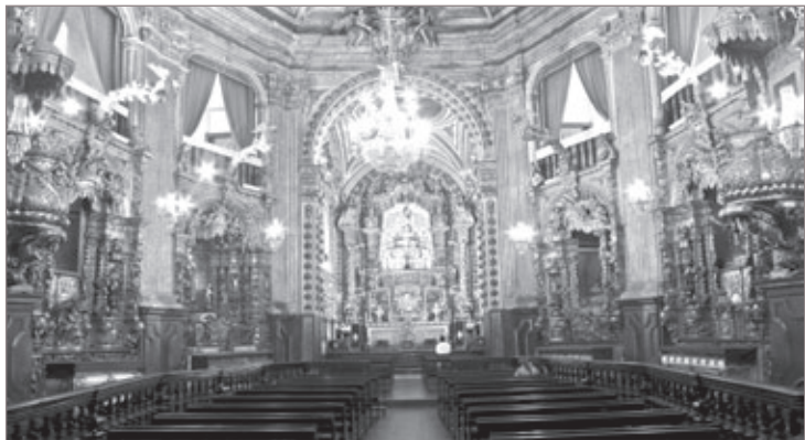
Neste sábado, 1º de dezembro, às 19h00, realiza-se a solenidade de Dedicção da Basílica Nossa Senhora do Pilar, em Ouro Preto. O ato principal, ou seja, Solene Missa Cantada, será conduzida pelo arcebispo, Dom Geraldo Lyrio Rocha, acolitado por demais párocos e sacerdotes da região.

Teve início, ontem, 29 de novembro, na Paróquia Nossa Senhora da Conceição, a novena preparatória para o XXXV Jubileu da Imaculada Conceição, no bairro Antônio Dias. Antecedida por outros ofícios religiosos, ao longo de cada dia, a novena será rezada sempre às 20h15, até 7 de dezembro no Santuário de Nossa Senhora da Conceição. No dia 8 de dezembro, feriado municipal, haverá missas com intenções diversas às 5h30, 7h30, 10h00, 14h00 e 16h00. Após esta última, procissão com a imagem da padroeira por todo o bairro, encerrando-se as comemorações com o Te Deum, à entrada da procissão. Dos internos participa com música o Coral e Orquestra São Pio X. Dos atos externos, participam a S. M. Senhor Bom Jesus de Matosinhos, a S. M. Senhor Bom Jesus das Flores, a S. M. União XV de Novembro / Mariana, e a S. M. Santa Cecília / Rodrigo Silva.
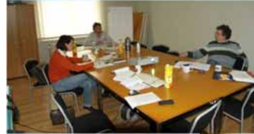
l'Intercommunale du BW réunion à Perwez
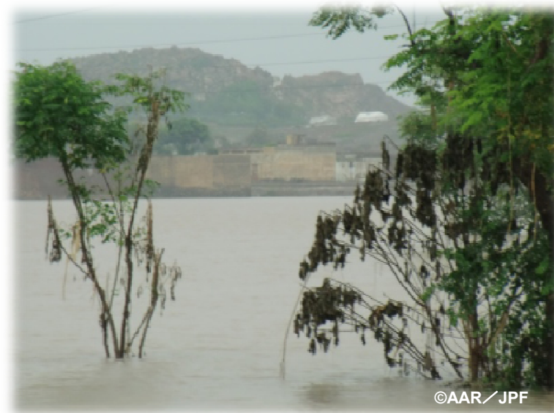
洪水のため耕作地も水浸しになったノシエラ郡の様子
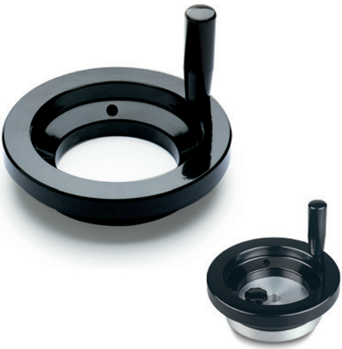
ELESA Original design

Volantino costituito da una corona con lobatura posteriore da fissare ad una flangia di metallo ricavata da laminato tondo. L'accoppiamento alla flangia è realizzato mediante una sede di centraggio (d2) e tre viti con testa cilindrica a cava esagonale.
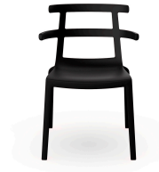
Silla Tokyo Negra 01626
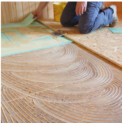
Étendre la colle
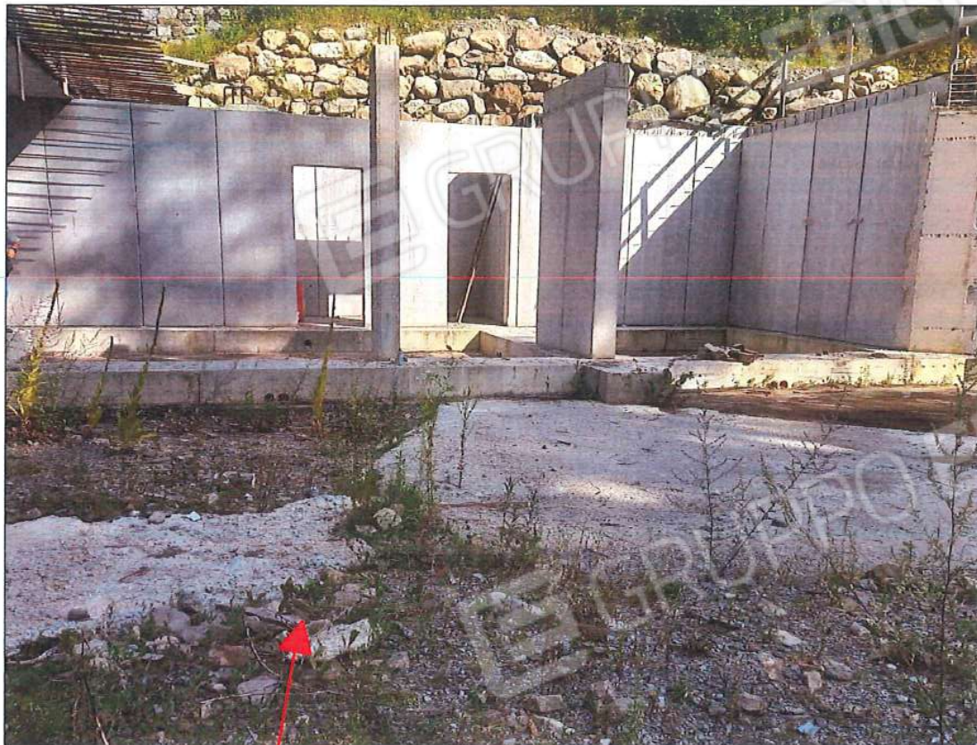
Immobile oggetto di stima, sez. urb. NCT, foglio n. 66, particella n. 131, sub. n. 2
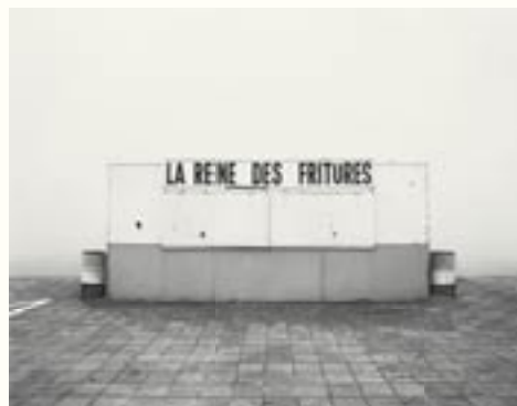
Frans Vlaanderen/la Flandre française
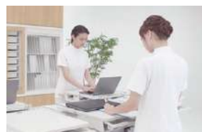
カートを接続したまま、ミーティングの場 になります。
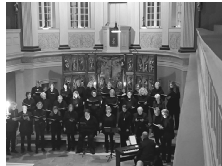
Chorkonzert Rätzlingen am 2. Advent
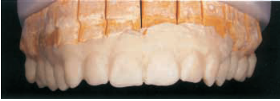
الشكل ٧: لاحظ السطح المتجانس مباشرة بعد إخراج الطبعة السيليكونية.
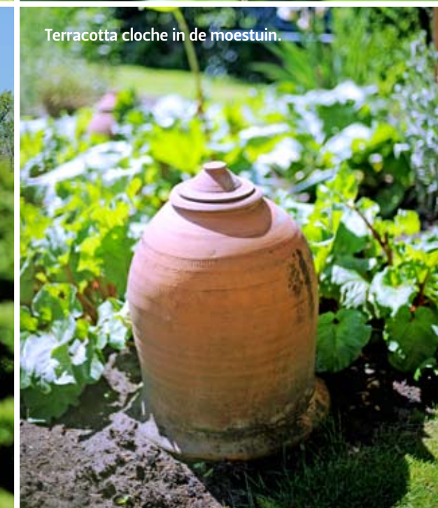
Terracotta cloche in de moestuin.
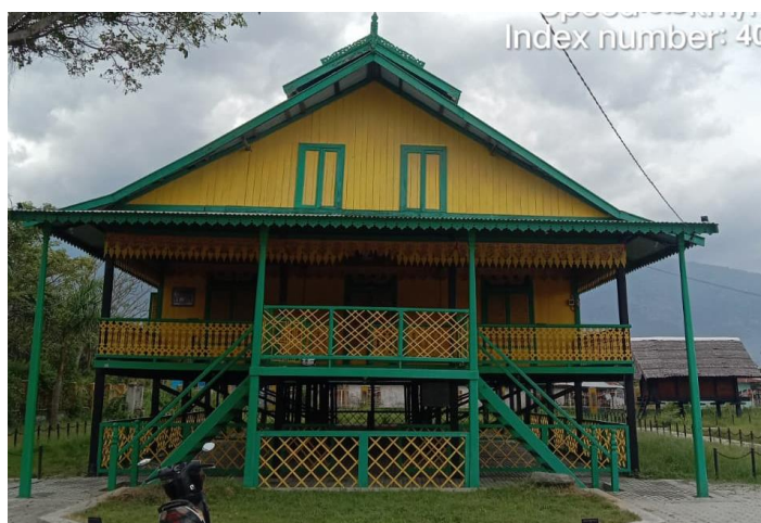
Gambar 2. Rumah Adat Souraja Tampak Depan
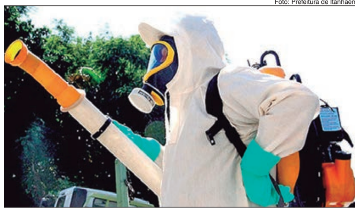
Intensificadas ações de controle da doença em regiões com maior incidência de casos

que podem ser transmitidas por insetos e aracnídeos, como: mosquitos, aranhas e carrapatos, por exemplo. A Dengue, a Zika e a Chikungunya são arboviroses transmitidas pela picada do Aedes Aegypti. Esse mesmo mosquito, no seu ciclo urbano, também pode transmitir a Febre Amarela.
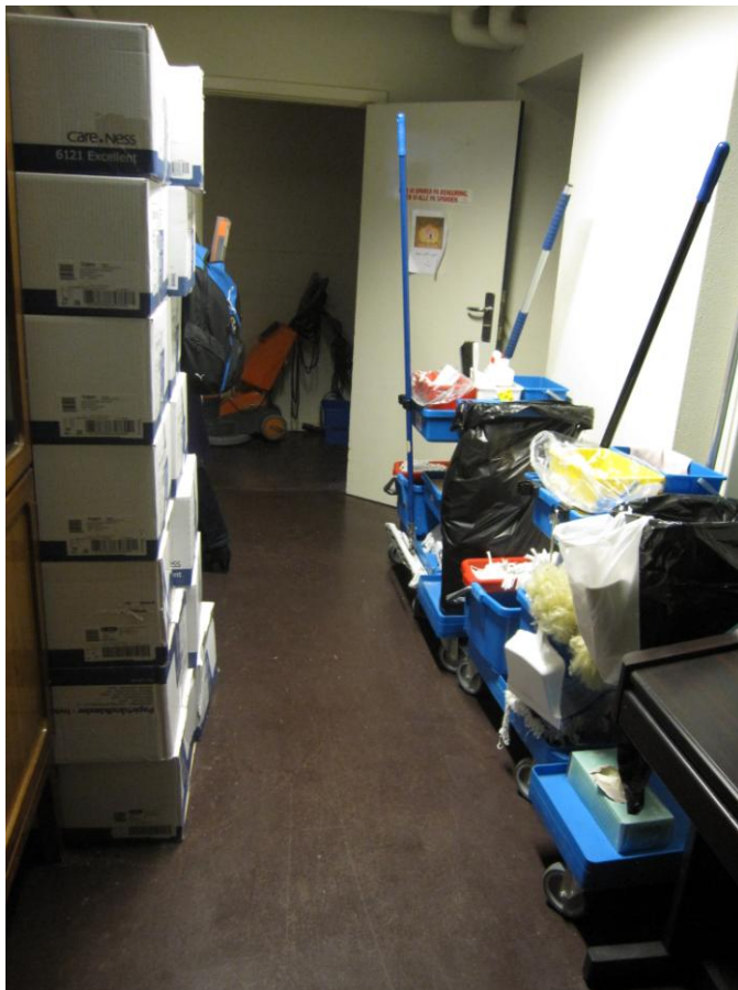
Illustration 5 – Adgangsvej til handicaptollet

Indgangen til handicaptollet opnås gennem et rengøringsrum. På tidspunktet for inspektionen var der – udover rengøringsvogne – placeret et elklaver og et større parti printerpapir i rengøringsrummet.
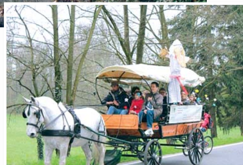
Wiosenne topienie Marzanny Powyżej: Andrzejki 2010 w Mediolanie Obok: Uczestnicy prze- glądu filmów Wajdy Cinema Wajda 2010
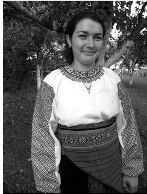
Дівчина у народному одязі. 2017 р., с. Белелуя Снятинського р-ну Івано-Франківської обл.

Метою проекту «Українське декоративне мистецтво 1990—2020-х років: етнічні смисли творчих практик» є вивчення реального стану українського декоративного мистецтва окресленого періоду та визначення перспектив його розвитку. Побудова чіткої концепції художнього процесу 1990—2020-х років, з'ясування художніх позицій митців, появи і зникнення певних художніх явищ, напрямків, видів декоративного мистецтва у зв'язку з соціально-

## Directions
Report every line in the data above in which the word "handicaptollet" appears.

## Your solution
Illustration 5 – Adgangsvej til handicaptollet
Indgangen til handicaptollet opnås gennem et rengøringsrum. På tidspunktet for inspektionen var der – udover rengøringsvogne – placeret et elklaver og et større parti printerpapir i rengøringsrummet.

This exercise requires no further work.